As mudanças nas dinâmicas sociais são muito observadas dentro das figuras femininas da
obra. Podemos citar Minossi, que num primeiro momento aparenta ser um mulher submissa e
que não tem voz para enfrentar seu marido Sianga. Só que ela demonstra muito mais força do
que aparenta e é uma personagem central para o desenvolvimento do romance, ela está presente
o tempo todo. Sua imagem vai se transformar de uma aparente submissão a uma mulher forte
que se transforma num porto seguro para aquelas pessoas que precisam enfrentar um
deslocamento por causa da guerra. Mesmo depois de perder seus filhos e o marido, há nela a
representação da força da mulher como alicerce desta sociedade. São elas as mães, as fontes de
inspiração e a força da nação. Quando convocadas para o mbelele, várias mulheres acabam tendo
uma postura moderna em relação a demanda da tradição. Há um questionamento do folclore
envolvido nesses rituais e seu óbvio caráter de ferramenta de persuasão do que algo em que elas
realmente acreditem. Como nesta fala do livro:
— Que esperam para fazer o mbelele?
— Sim, o mbelele.
— Desgraça, desgraça, só desgraça.
— A expressão sublime de submissão e humilhação é o mbelele.
— O mbelele? Que vergonha! Mulheres nuas com traseiro de melancia a exibir as
mamas aos pássaros e o cu aos gafanhotos faz chover? Que vergonha!
— A nudez das fêmeas é a súplica da chuva; o sangue dos justos e inocentes é o
reconhecimento das nossas culpas. É tempo do mbelele.
— Sim, sim, sim, o mbelele, seja feito o mbelele.
— Comadre, diz-se por aí que haverá mbelele.
— Também ouvi dizer que sim, comadre. Sabes como é? — Já ouvi falar nisso. A minha
avó diz que o último foi realizado quando ela começou a ser menstruada. Imagino que já
tinham passado setenta anos. (pg 36)
Esse posicionamento pode ser interpretados como uma chegada dos novos tempos, como uma
oposição ao retrocesso. Os ventos no romance trazem tragédias, mas também trazem mudanças.
Vemos que as tradições vão sendo rearranjadas no romance como consequência das mudanças,
há uma descaracterização delas depois da morte de Sianga e de sua tentativa de retomada.

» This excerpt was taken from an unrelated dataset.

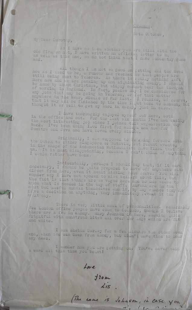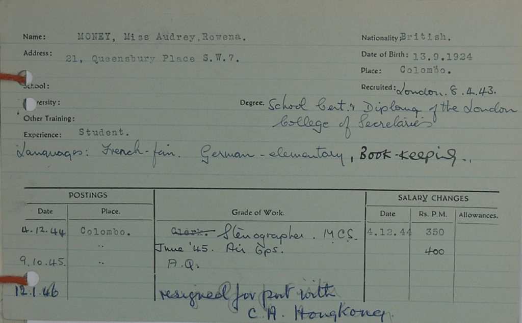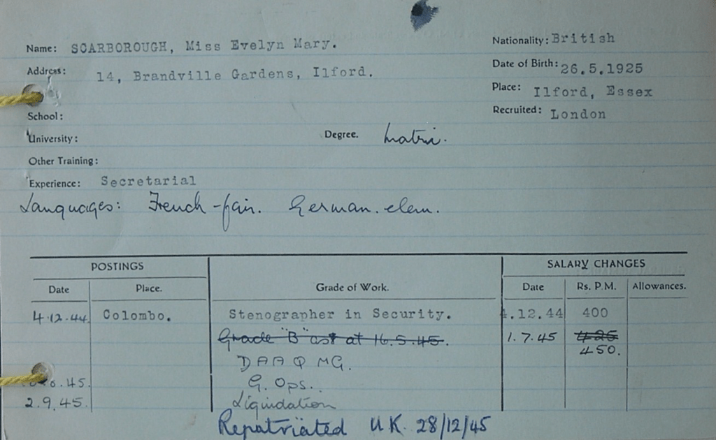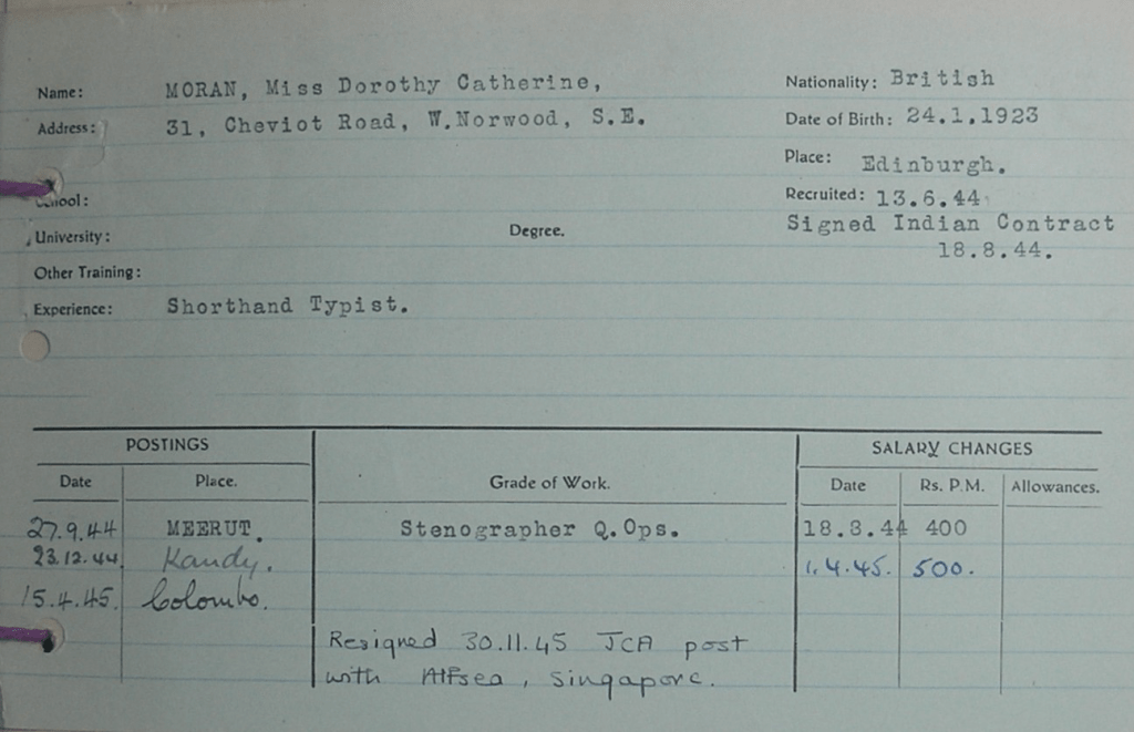 By 5 August 1945, Mary was in Colombo working as a stenographer, ending up in ‘Q’ by October. She resigned on 7 December and headed to Australia.

Wusheni, que é a filha de Sianga e Minosse, representa uma ruptura da noção tribal de
casamento, ao querer se casar por amor com Dambuza, de quem fica grávida e quem
aparentemente quer estabelecer uma relação monogâmica. Esta atitude acaba desafiando o desejo
do seu pai de se fazer o lobolo, que é a tradição local de casamento arranjado em troca de
dinheiro e poder. Com o objetivo próprio de ter novas mulheres. Aliás, as próprias mulheres que
abandonaram Sianga quando o mesmo perdeu o poder são uma grande representação desta perda
de status. Podemos considerar que essas mulheres, as preferidas de Sianga, se emanciparam
daquela vida que tinham e partiram em busca de algo melhor, ou finalmente foi a possibilidade
delas saírem das amarras deste homem. Todas as mulheres representadas em Ventos do
apocalipse são usadas na narrativa como um fio condutor para se apresentar mudanças sociais
dentro desta conjuntura de guerra civil.
Por fim, temos Sixpence é um homem que perdeu sua família e precisa recomeçar. É uma
figura conciliadora e muito forte, um homem que carrega consigo marcas de um conflito e que
fazem com que ajude aqueles refugiados a encontrar um novo lugar para viverem de forma mais
digna possível. Sixpence representa aqueles que trabalharam para construir um lugar para a
população que estava em meio ao conflito, independente de posições políticas e sim em prol
daqueles que mais importam. Ele representa todos os que fugiram da guerra e precisaram
reconstruir, e ele o faz da melhor forma possível no romance. Os paralelos entre Sianga e
Sixpence são muitos se formos observar as atitudes e posições políticas dos personagens.São o
velho e o novo, a tradição e a modernidade, a glória e a sobrevivência.
As relações entre história e literatura se costura durante todo o romance, estes foram só
alguns exemplos desta relação. Como uma pessoa que teve um olhar de dentro do conflito,
Paulina conta sua história com forma sempre crítica e atenta. A natureza está se vingando
daquele povo, trazendo seca e depois enchentes. A guerra é veementemente criticada no romance
como algo prejudicial e não somente por razões óbvias de que a sede de poder de alguns nem
sempre trazem benefícios para aqueles que precisam, mas também como um conflito que não
trouxe benefício algum para aqueles que mais importam: o povo.